The improvement obtained in the previous results is due to the solutions, including flexibility. However, as we previously stated, this increases the computational time considerably. However, the time has been ostensibly reduced thanks to the Flexible methodology employed in this work. The average time for an optimization process is 29 s for these target molecules in the current hardware. If we focus on the target DB00381 with a database of 38, 833 conformations from the initial 175 molecules, each molecule generated on average 221 conformations, although the maximum could be 500 for each one). If this value is extrapolated to the whole database, \((1751*221=) 386,971\) conformations could be generated. So, the time saved with the filter applied by discarding unpromising compounds is 116 days per target, and whether 500 conformations are generated, 264 computation days would be saved.

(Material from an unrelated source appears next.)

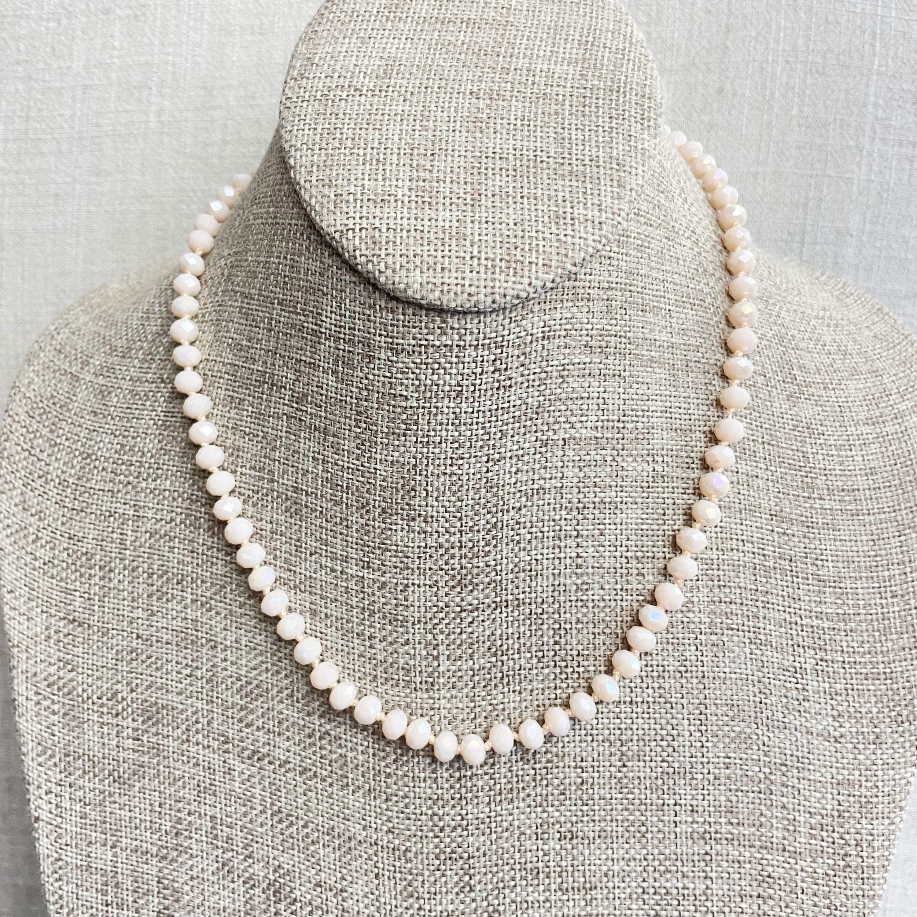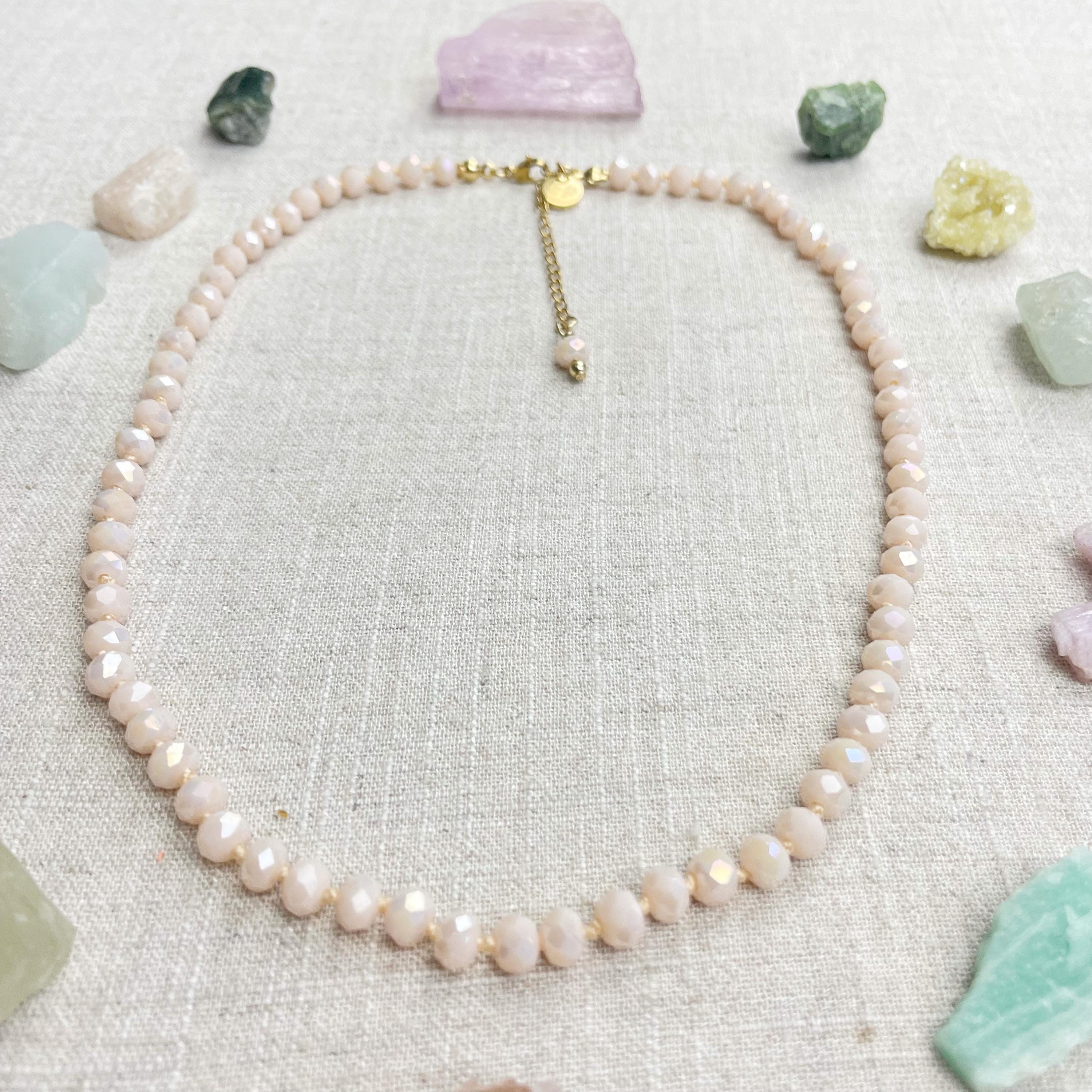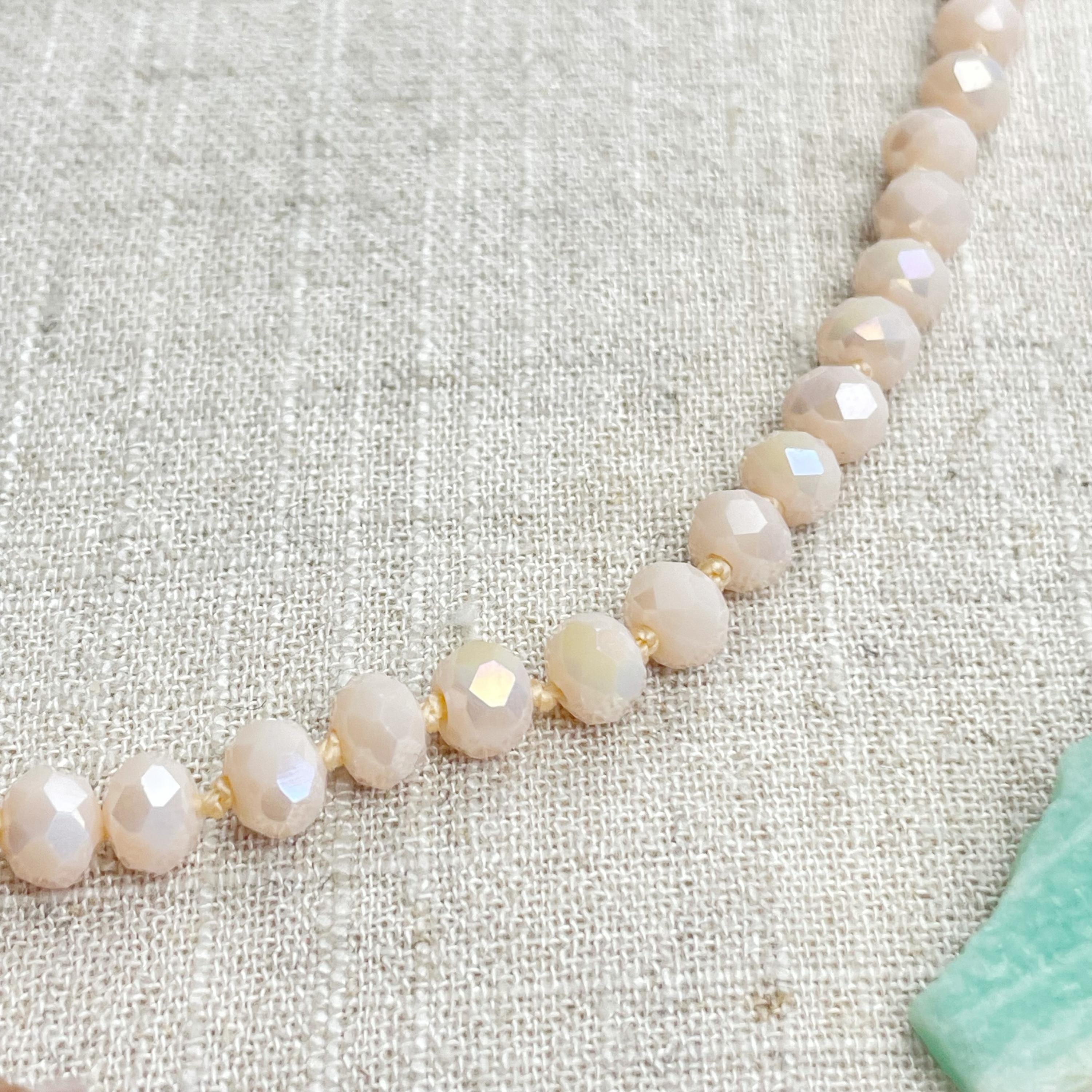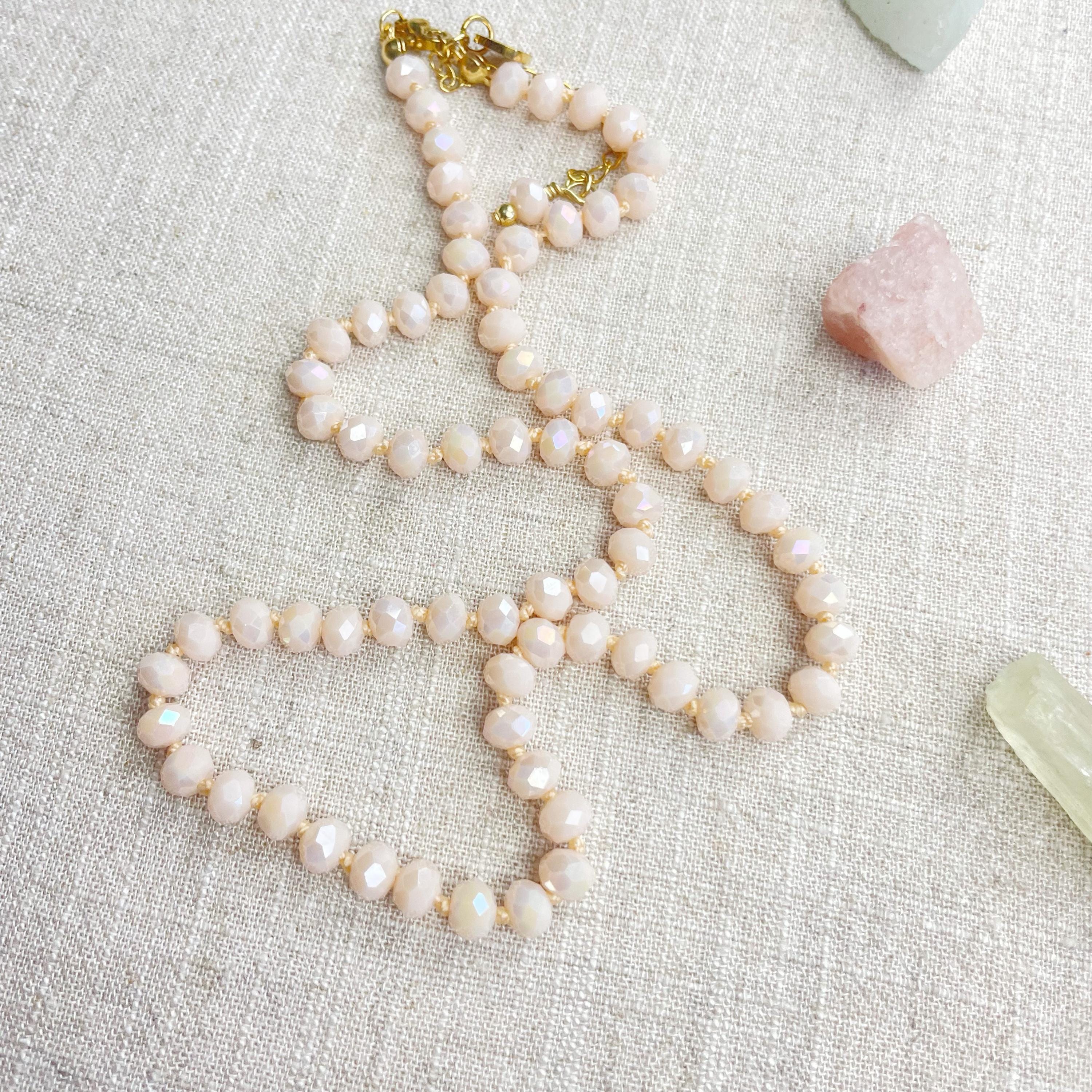 This necklace is made with glass crystal beads which are a cream color with an iridescent shiny coating. The beads are 6mm faceted rondelle beads. Each bead is hand knotted with 100% nylon cord. The hand knotting in between each beads takes time to do but looks gorgeous making the necklace also very easy to wear. The necklace is finished off with a gold plated stainless steel chain, clasp and logo charm.
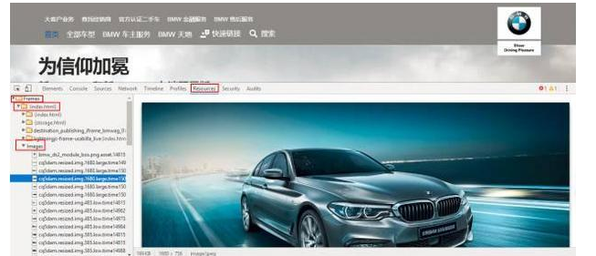 很简单,依次点击"Resources"—"Frames"—"index.html"—"images",在 images 目录下,放着这页网页中的所有图片文件。

5 Conclusions and Future Work

In this work, we have improved the software OptiPharm by considering molecule flexibility. Apart from that, the new version includes several mechanisms to reduce the computational effort. In particular, we have reduced the number of optimization parameters and the range of freedom in some of them. Consequently, the search space decreases, and the number of function evaluations needed to find the optimal similarity drops. Besides, we have analyzed and applied descriptors to filter the initial database. We have used statistical metrics such as variance, correlation, or Euclidean distance.

The results have shown that the new OptiPharm can obtain solutions with higher scoring values than the original one, meaning that new query compounds with a high similarity value can be identified. These compounds are not detected when working with rigid molecules. In addition, the descriptor filter allows to drastically reduce the run time, saving for the study at hand up to 264 days.

Future work proposes implementing a conformation generation algorithm as an internal procedure of OptiPharm and including new scoring functions.